The line containing "Description : New" marks the end: extract everything from the first line of the data through that line, exactly, with no pictures.

*** Opening of SOURCE MATERIAL ***

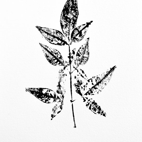 Small Mimosa Branch Ink Transfer . Branch dipped in ink and transferred to paper.
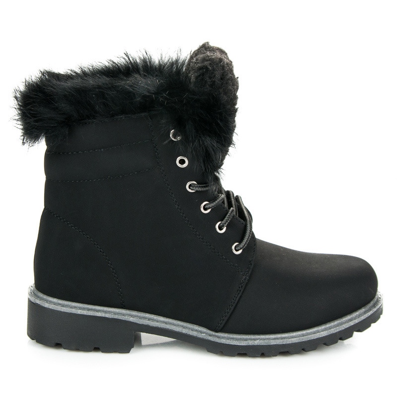 Détails: Trappeurs À Lacets Avec Fourrure noir
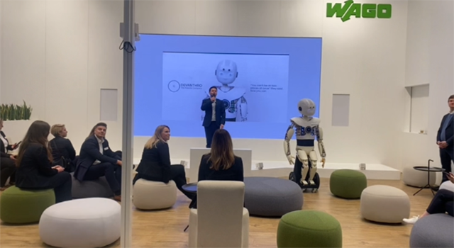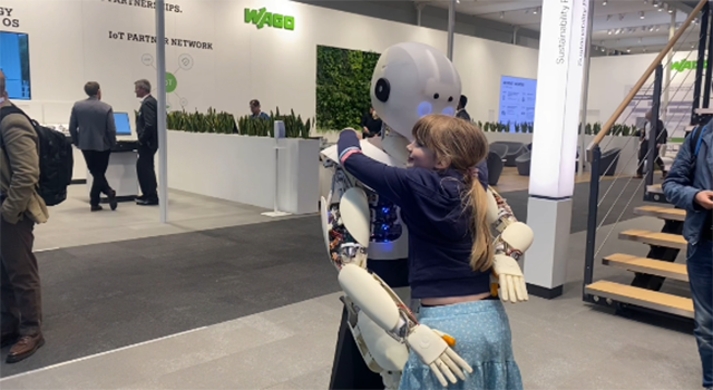 2023汉诺威直击 | 使用了万可电气连接技术的关爱机器人Roboy在现场和大家一起为爱加油
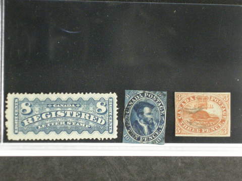 Canada. Used. 1852-57 imperfs: 3d beaver used with three margins, highly presentable with no faults (SG.8), 10d blue Cartier SG.15, used with faults, plus the 8c blue registration stamp unused, closed tear. Cat. £2,400.
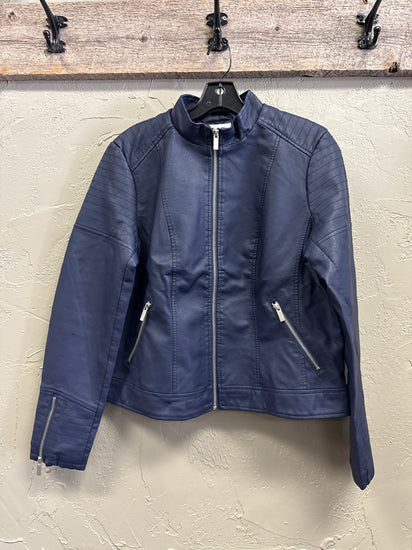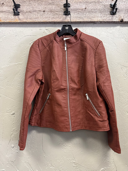 Description : New without tags. Express your cool, casual style in this OSO essential, OSO Casuals® moto jacket! A main zipper runs up the center front of the supple faux leather jacket to a mandarin-style collar, while four more smaller zippers close off the two front pockets and sleeve cuffs. This versatile jacket can be layered over just about any outfit, whether it's a graphic tee and jeans, a midi dress or even a sporty jumpsuit. You really can't style it wrong!
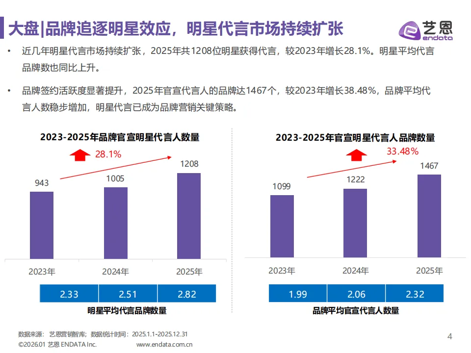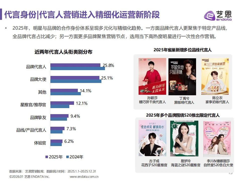 2025年明星营销市场持续扩张,1208位明星获得代言,官宣品牌达1467个,均较2023年显著增长,代言官宣集中在5月、9-10月以适配电商大促节奏。圈层方面,娱乐影视明星占据绝对主导,喜剧类艺人代言增长最快,体育明星代言数量下降但合作向长效化、多元化发展。行业分布上,美妆护肤代言量居首,交通出行行业增速领先,电商平台竞争升级,淘宝、天猫以“核心基石+高频矩阵”模式领跑,抖音生活&电商入局后代言人数量同比上涨155%。艺人结构上,男性、26-35岁中青年艺人为主,代言资源向中腰部(B、C类)倾斜,合作模式精细化,节点短期营销成主流。社媒营销形成全链路布局,微博打造大事件、抖音短直联动+短剧营销实现转化、小红书场景化种草沉淀口碑,同时涌现代言人周边创新、用户共创、AIGC赋能等新玩法,营销更注重情感共鸣与长尾效应。
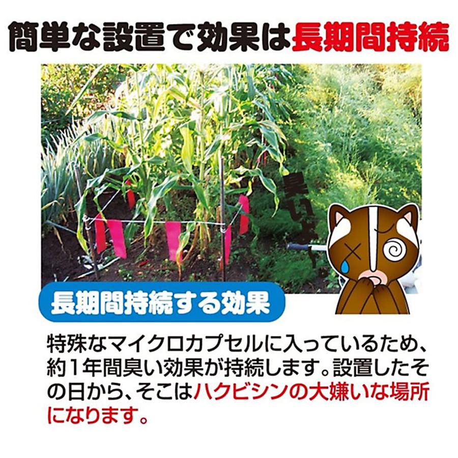 長期間効果が持続!特殊な微細マイクロカプセルに入っているため、約1年間効果が持続します。設置したその日から、そこはハクビシンの大嫌いな場所になります。
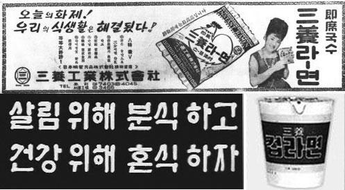 이때 밀가루는 삼백산업 중 하나로 미국에서 원료를 값싸게 들여와서 만들었기 때문에 많은 양을 싼값으로 소비자에게 공급할 수 있었기에 이러한 정책이 가능했습니다. 밀가루 소비를 높이기 위해 ‘쌀밥보다 영양가가 우수한 밀가루 음식’, ‘밀이 쌀보다 영양가가 우수하여 밀을 주식으로 하는 서구인이 한국인보다 크고 건강하다’는 식의 프로파간다도 잊지 않았죠.
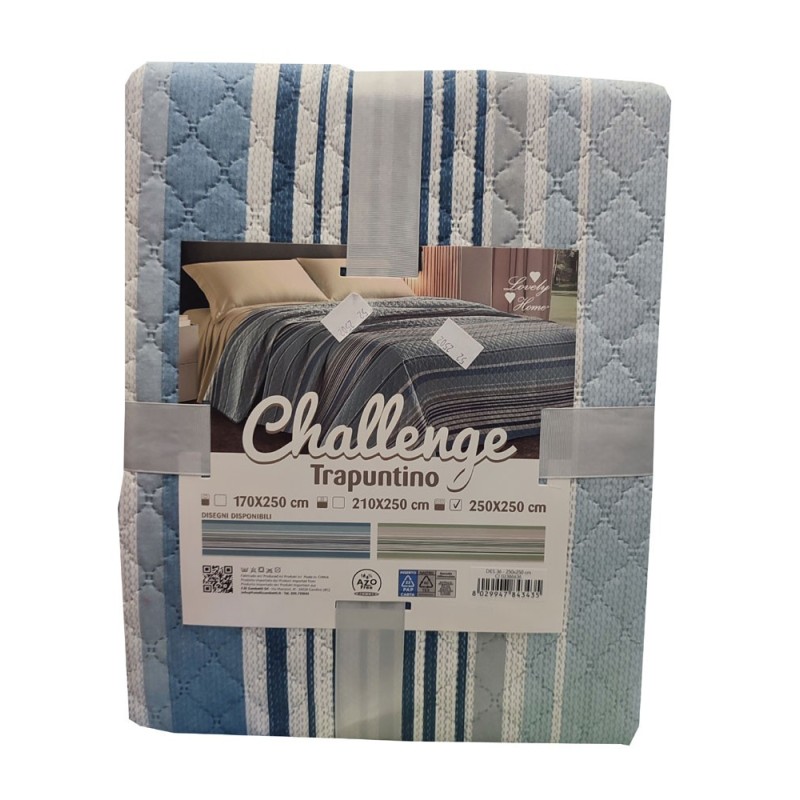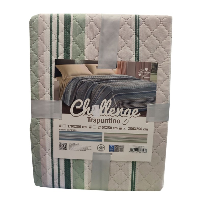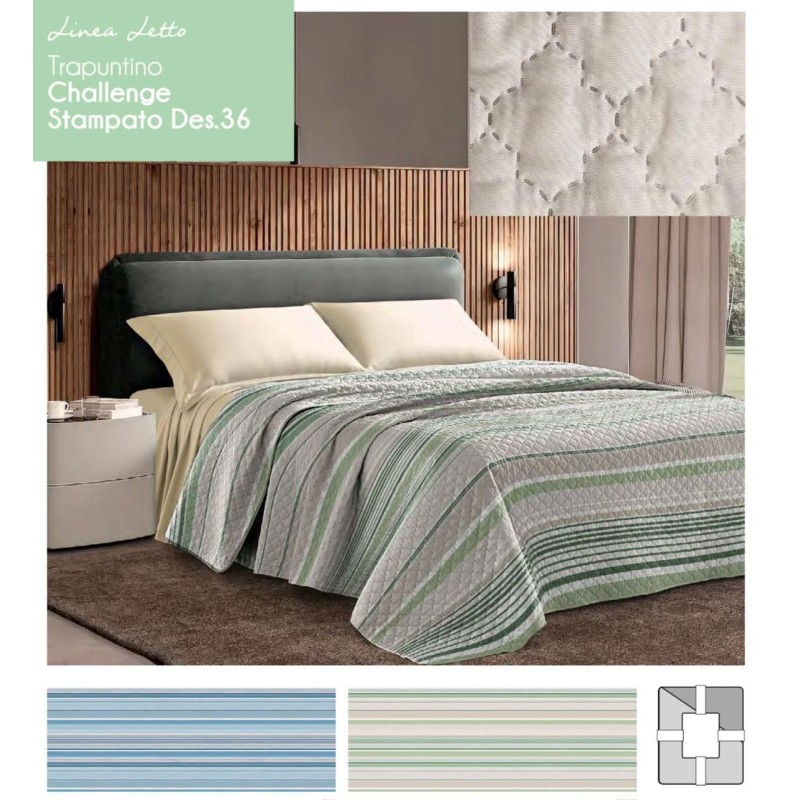 Trapuntino primavera / estate stampato Challenge 36 da Lovely home. In microfibra, termosaldato, disponibile nelle misure letto matrimoniale / due piazze, singolo / una piazza e una piazza e mezza. Ottimo rapporto qualità prezzo.
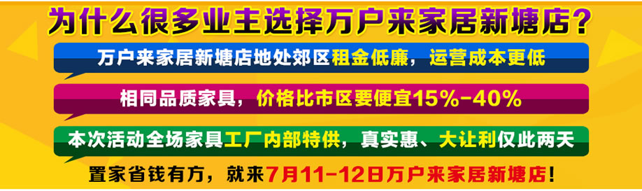 活动介绍: 7月11-12日聚焦新塘 家具超级内购会就在万户来家居新塘店!品味增城荔枝,狂抢厂价家具,再享8重超级大礼!纵享工厂内购价,0利润,给您实惠一夏;购物满额,品牌床垫免费送;再送42寸液晶电视、空调、冰箱等全屋家电,送您清爽一夏;超级大抽奖:兰博基尼拉杆箱、慕思床品等,带您疯狂一夏;凭内购卡免费抽千足黄金,精品家具1元秒,到场顾客皆有礼……真心实意,夏不为利!赶紧报名实惠家,低价高质礼品多,一起享受夏日!
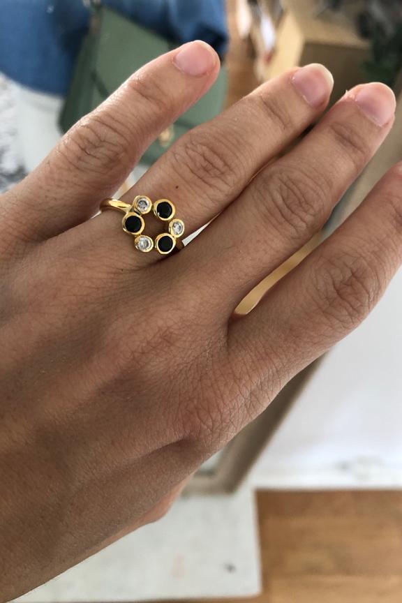Tel un dรฉlicat et scintillant bouton de rose, la bague Laval s'enroule ร votre doigt. Composรฉe de l'alternance d'un oxyde de zirconium et d'une pierre d'onyx noir, elle se porte aussi bien seule qu'en accumulation.
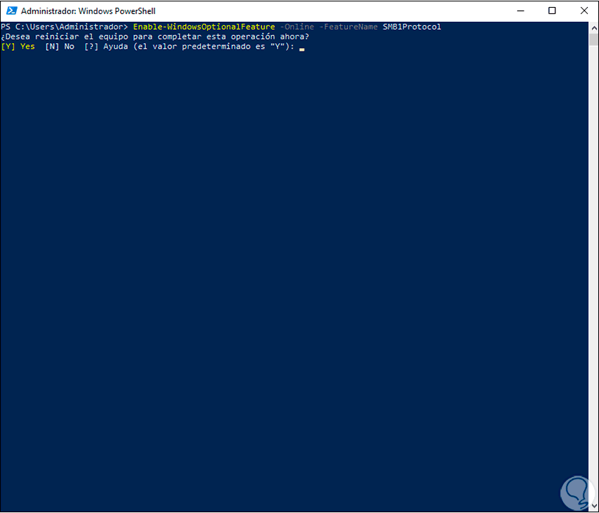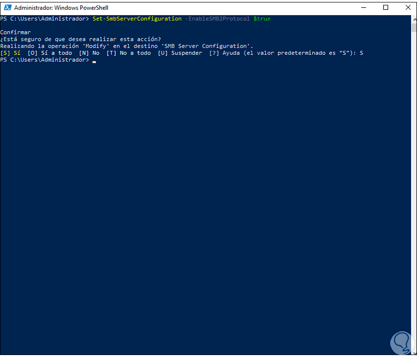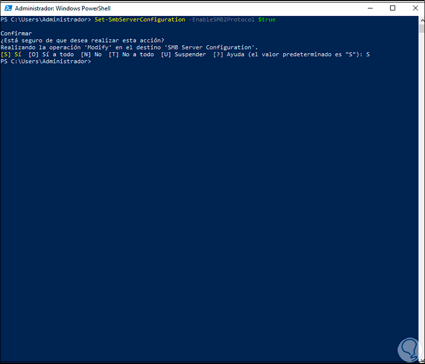 Ahora activamos SMB2 con el comando. Con la letra S confirmamos el proceso.
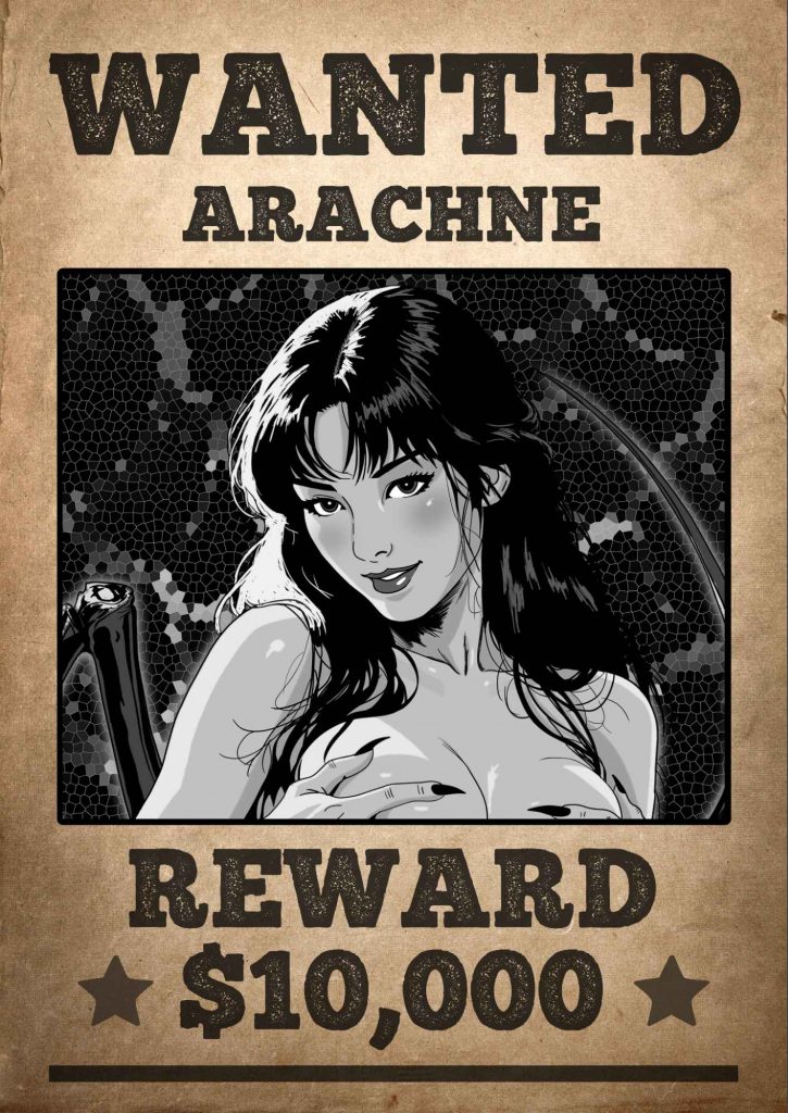 Smooth porcelain skin marked in black webs, eight long spider legs from her back for climbing or pinning, silk shooting from her wrists and lower back. Those red eyes miss nothing.
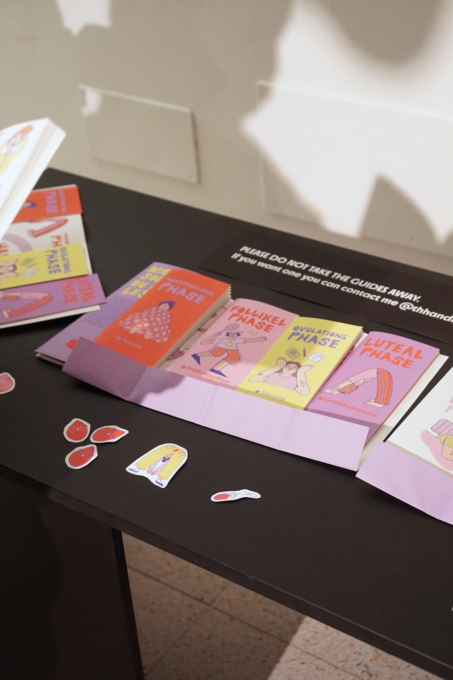 Tabus brechen, um zu informieren und einen natürlichen Rhythmus zu entstigmatisieren und illustrativ über ihn zu informieren – gleichermaßen für Menschen, die mit und die ohne Menstruationszyklus leben. Genau das möchte Theresa Handig mit Hallo, Ich* Menstruiere bewirken. Ihre Illustrationen bieten in Brochüren, die den einzelnen Phasen des Menstruationszyklus gewidmet sind, einen anschaulichen Zugang zum Thema und verleihen dem Ausstellungsraum den selben Effekt.

*** Close of SOURCE MATERIAL ***

◆ **TASK SOLUTION**
 Small Mimosa Branch Ink Transfer . Branch dipped in ink and transferred to paper.
 Détails: Trappeurs À Lacets Avec Fourrure noir
 2023汉诺威直击 | 使用了万可电气连接技术的关爱机器人Roboy在现场和大家一起为爱加油
 Canada. Used. 1852-57 imperfs: 3d beaver used with three margins, highly presentable with no faults (SG.8), 10d blue Cartier SG.15, used with faults, plus the 8c blue registration stamp unused, closed tear. Cat. £2,400.
 Description : New without tags. Express your cool, casual style in this OSO essential, OSO Casuals® moto jacket! A main zipper runs up the center front of the supple faux leather jacket to a mandarin-style collar, while four more smaller zippers close off the two front pockets and sleeve cuffs. This versatile jacket can be layered over just about any outfit, whether it's a graphic tee and jeans, a midi dress or even a sporty jumpsuit. You really can't style it wrong!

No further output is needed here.